SUPPLIED DATA >>
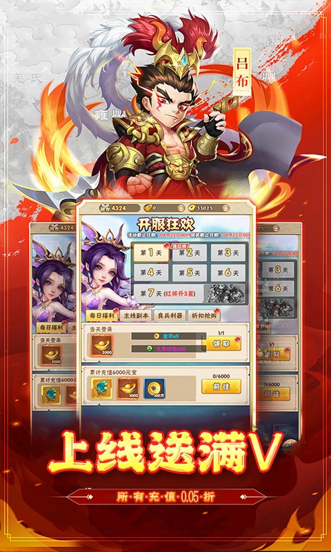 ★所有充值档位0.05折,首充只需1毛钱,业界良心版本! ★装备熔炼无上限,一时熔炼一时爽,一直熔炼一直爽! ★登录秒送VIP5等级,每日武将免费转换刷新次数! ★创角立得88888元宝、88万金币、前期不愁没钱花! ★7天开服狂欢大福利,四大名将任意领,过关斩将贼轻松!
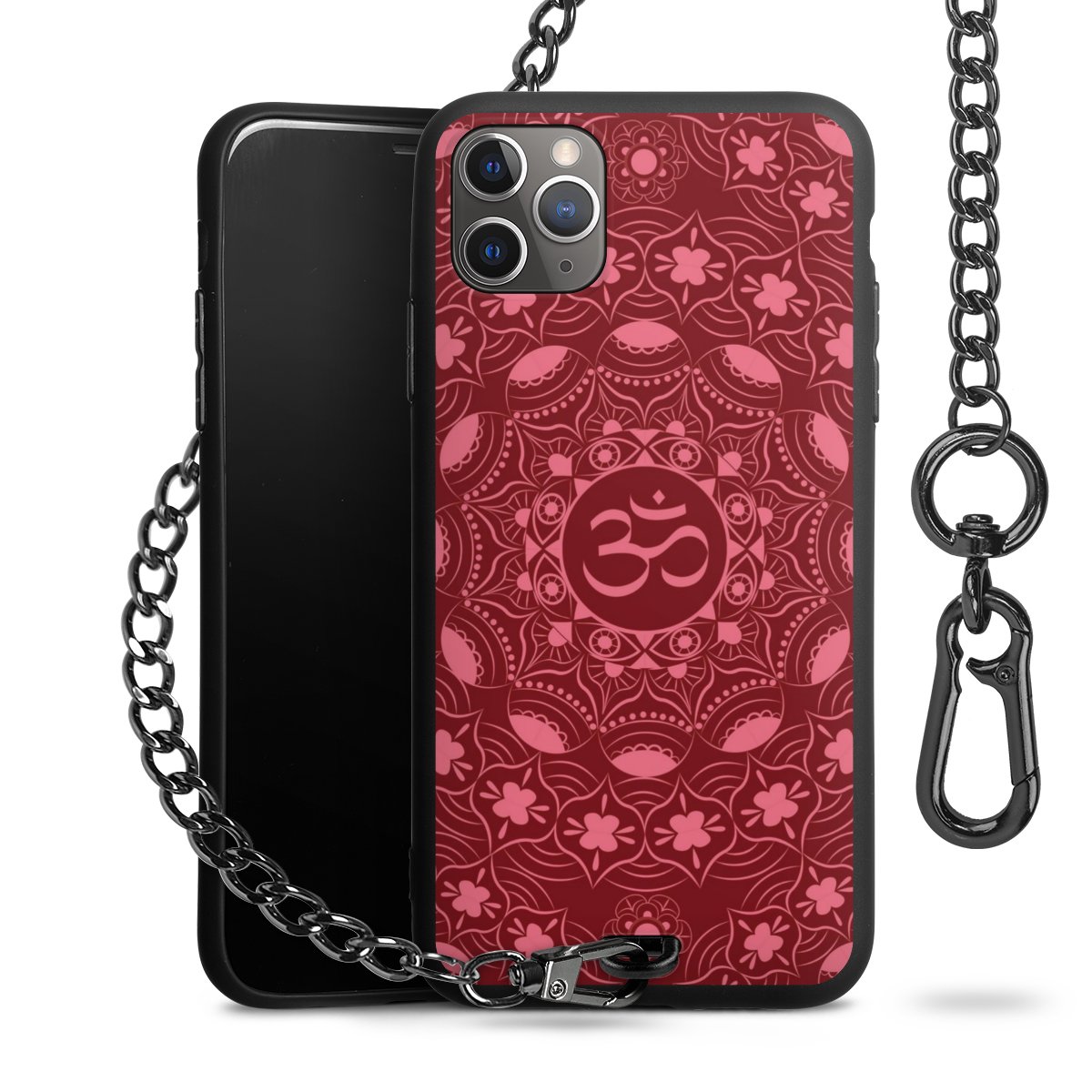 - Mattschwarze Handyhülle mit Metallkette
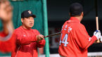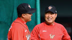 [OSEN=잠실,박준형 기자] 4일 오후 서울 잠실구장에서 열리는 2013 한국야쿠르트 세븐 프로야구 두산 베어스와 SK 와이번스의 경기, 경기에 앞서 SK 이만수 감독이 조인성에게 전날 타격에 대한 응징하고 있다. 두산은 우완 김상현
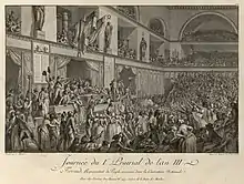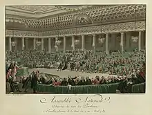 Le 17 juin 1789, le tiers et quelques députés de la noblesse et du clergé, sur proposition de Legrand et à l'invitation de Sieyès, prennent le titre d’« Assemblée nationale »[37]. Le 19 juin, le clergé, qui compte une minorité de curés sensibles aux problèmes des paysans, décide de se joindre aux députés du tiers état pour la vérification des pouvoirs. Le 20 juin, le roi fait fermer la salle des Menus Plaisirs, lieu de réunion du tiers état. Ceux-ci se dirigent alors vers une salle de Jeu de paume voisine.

WORK REQUEST >>
Take the lines from the one that contains "[OSEN=잠실,박준형 기자] 4일" through the last line of the material above and reproduce them exactly, leaving out any pictures.

RESULT OF THIS TASK >>
 [OSEN=잠실,박준형 기자] 4일 오후 서울 잠실구장에서 열리는 2013 한국야쿠르트 세븐 프로야구 두산 베어스와 SK 와이번스의 경기, 경기에 앞서 SK 이만수 감독이 조인성에게 전날 타격에 대한 응징하고 있다. 두산은 우완 김상현
 Le 17 juin 1789, le tiers et quelques députés de la noblesse et du clergé, sur proposition de Legrand et à l'invitation de Sieyès, prennent le titre d’« Assemblée nationale »[37]. Le 19 juin, le clergé, qui compte une minorité de curés sensibles aux problèmes des paysans, décide de se joindre aux députés du tiers état pour la vérification des pouvoirs. Le 20 juin, le roi fait fermer la salle des Menus Plaisirs, lieu de réunion du tiers état. Ceux-ci se dirigent alors vers une salle de Jeu de paume voisine.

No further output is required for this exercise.